This single-movement work has the sub-title, ''Thirty-two variations and fugue on a theme of Haydn''. The theme is Haydn's palindromic Minuet, and Simpson's variations (all palindromic in turn) plunge at once into a characteristically personal world: what might have been a meditation on the geniality of the original becomes a tribute to its earthiness and poise, as well as its artifice. That other master of large-scale variation from, Beethoven, never wrote such palindromes, and in our time they are mre commonly associated with the serialism of Webern. But Simpson, recognizing that variations are more fundamentally about the balancing of contrasts than the elaboration of a unity, has achieved here a remarkably convincing overall form, as strong as it is flexible, as diverse as it is integrated. And the form is filled out with memorable material.

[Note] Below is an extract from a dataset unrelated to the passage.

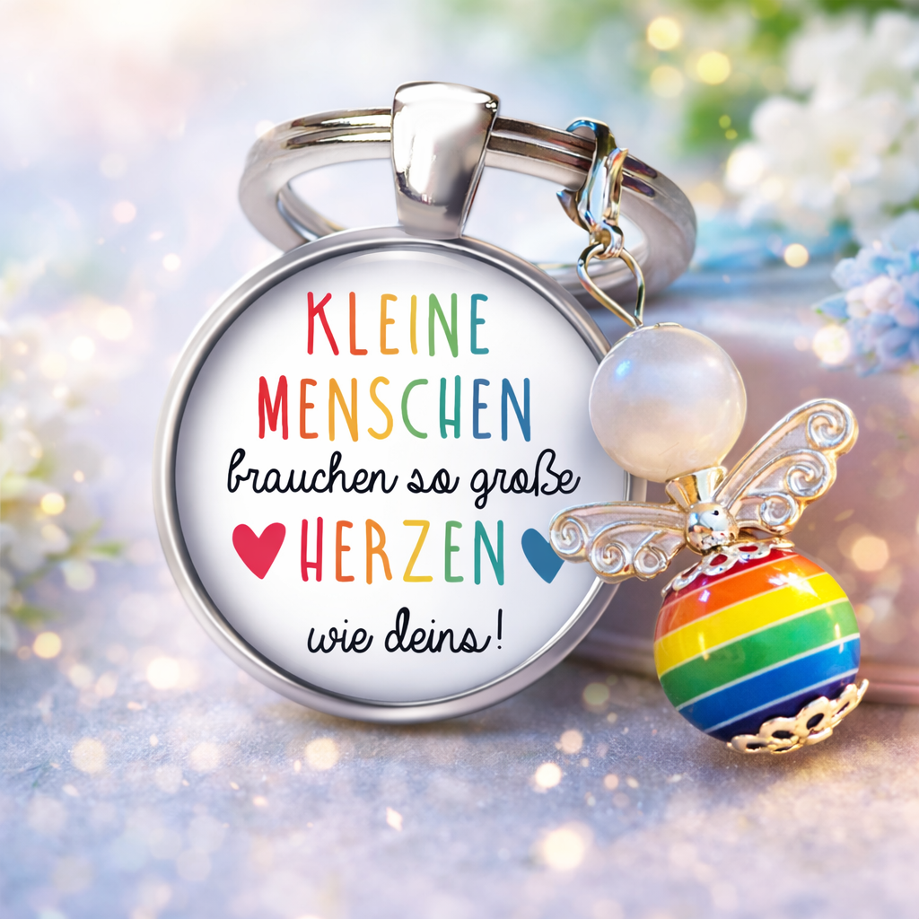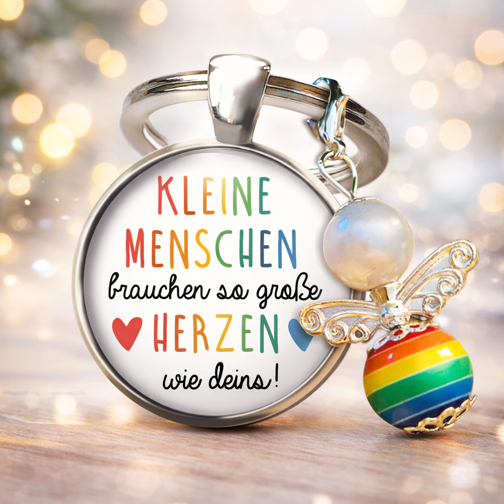 Kleine Menschen brauchen so große Herzen wie deins. Dieser liebevoll gestaltete Schlüsselanhänger sagt auf besondere Weise Danke für Geduld, Fürsorge und all die kleinen Dinge, die den Alltag unserer Kinder so wertvoll machen.

Simpson's invention at its finest transcends neo-Classical quirkiness as surely as it shuns post-Romantic self-indulgence. I would argue that he is at his best in slow, sustained music. The final stages of this work's fugue strive rather too obviously for resolution through various types of animated passage-work: but his slow writing has a visionary quality very rare in music at the moment and, for all its 'conservative' idiom, it is an idealistic, not an escapist vision.

Understandably, the Delme Quartet respond with tremendous dedication to a work written for their twentieth anniversary. The sound is possibly rather strident in the more turbulent variations, but the players rightly aim for the substance of the music, and not for mere beauty of texture. I cannot recommend this issue too highly.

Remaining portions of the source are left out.